JOHANNESBURG (Reuters) -Police are hunting for five attackers who burst into a bar in Soweto, South Africa and killed 15 customers in a hail of at least 137 bullets over the weekend, the police minister said on Monday.

Nine other people were wounded in the raid in the early hours of Sunday morning that followed closely on two other shootings in a surge of violence that shocked a nation with one of the world’s highest murder rates.

“It was such a brutality,” Police Minister Bheki Cele told a crowd gathered at the scene in Soweto’s Orlando East neighbourhood. “These people really came to kill and destroy. We don’t know their motive but I guarantee we will find them.”

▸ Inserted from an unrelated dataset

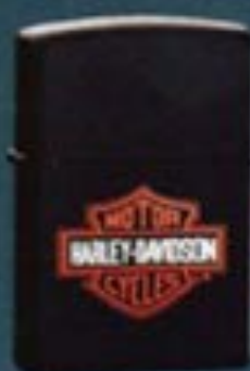
No. 218HD 621 Black Matte Harley-Davidson Logo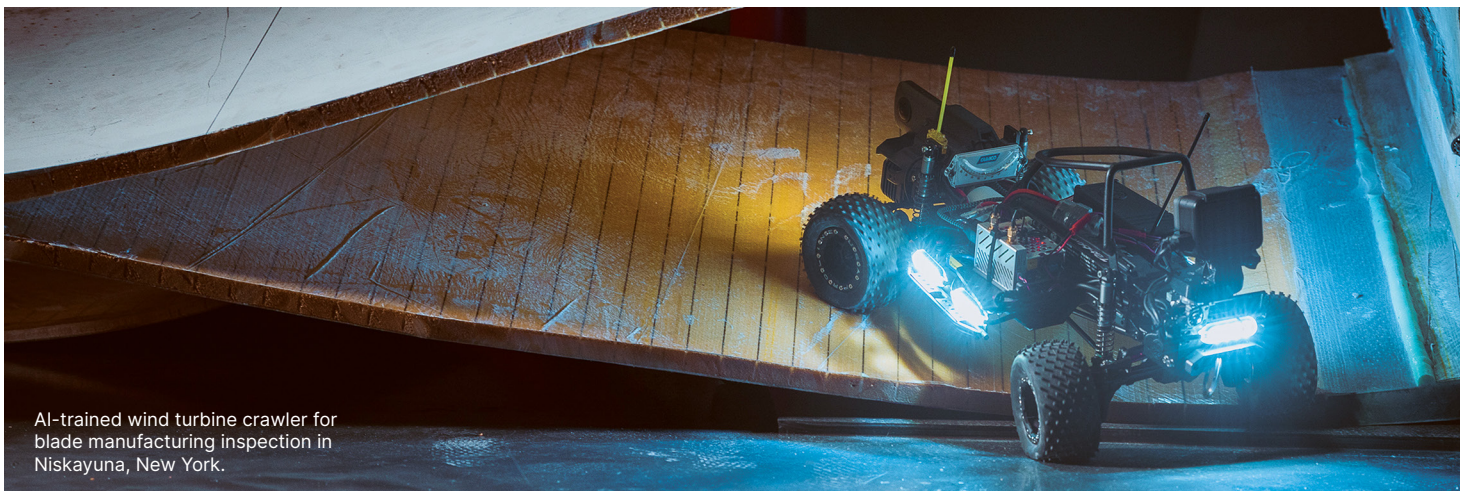
AI-trained wind turbine crawler for blade manufacturing inspection in Niskayuna, New York.

2025 is an early stage of this multi-decade transformation of our electrical system. Opportunities abound for GE Vernova to create long-term value. We are building a unique, purpose-built, differentiated company that provides investors the best opportunity to gain exposure to the electricity supercycle.

The high number of rounds – forensic teams found 137 AK-47 cartridges at the crime scene – meant the killers would have had to reload in middle of the slaughter, Cele said.

Another four people were killed and eight wounded late on Saturday in a tavern in Pietermaritzburg, 500km (300 miles) away from Soweto; and two more were killed during a suspected robbery in a tavern in Katlehong, outside Johannesburg, police said.

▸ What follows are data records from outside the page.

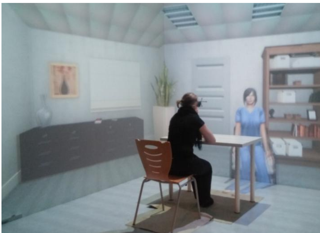
Figure 2: Virtual reality environment for training doctors to break bad news

taking) and at non-verbal levels (e.g. feedback, gaze, gestures, etc.).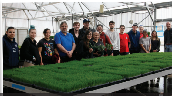
Very special thanks to everyone who gave their time and energy to ARCA Organics, including ABQ Vietnam Veterans, Albuquerque Academy, ABQ the Magazine, KEVA Juice, Intel, Bank of the West, Global Ties, Master Gardeners and Gap!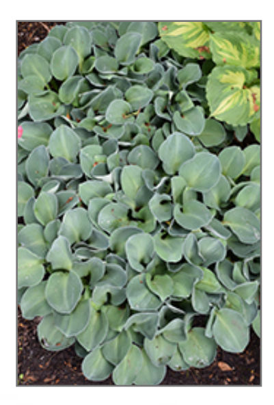
Blue Mouse Ears Hosta

This is a relatively low maintenance plant, and is best cleaned up in early spring before it resumes active growth for the season. Gardeners should be aware of the following characteristic(s) that may warrant special consideration;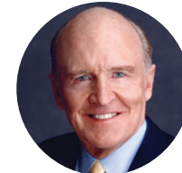
Jack Welch Former Chairman of General Electric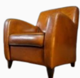
Vintage chair cognac 2 pieces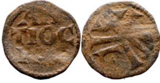
779 Middle Ages (X-XV century) Bronze Coin 16mm 1.12g

The three attacks are not believed to be linked. They have unleashed a wave of anger at the police for failing to tackle high levels of violent crime.

Cele promised to send officers to Orlando East to search door-to-door and to send more police vehicles – the dearth of which he acknowledged sometimes prevented police from responding quickly.

“We’ll see by their actions because we no longer believe what they say,” Orlando East resident Andiswa Mnyembane, 37, said in response to the promises.

“They (criminals) fire guns as if they were fireworks. Police take time to arrive here … There are areas where police don’t even go to,” she added.

Around 20,000 people are murdered in South Africa every year out of a population of about 60 million.

There are about 3 million guns registered in the country, according to campaign group Gun Free South Africa, though many more are thought to be circulating on the black market.

Townships like Soweto were the creations of white minority rule, which ended in 1994 but left a legacy of widespread poverty, youth unemployment and frustration.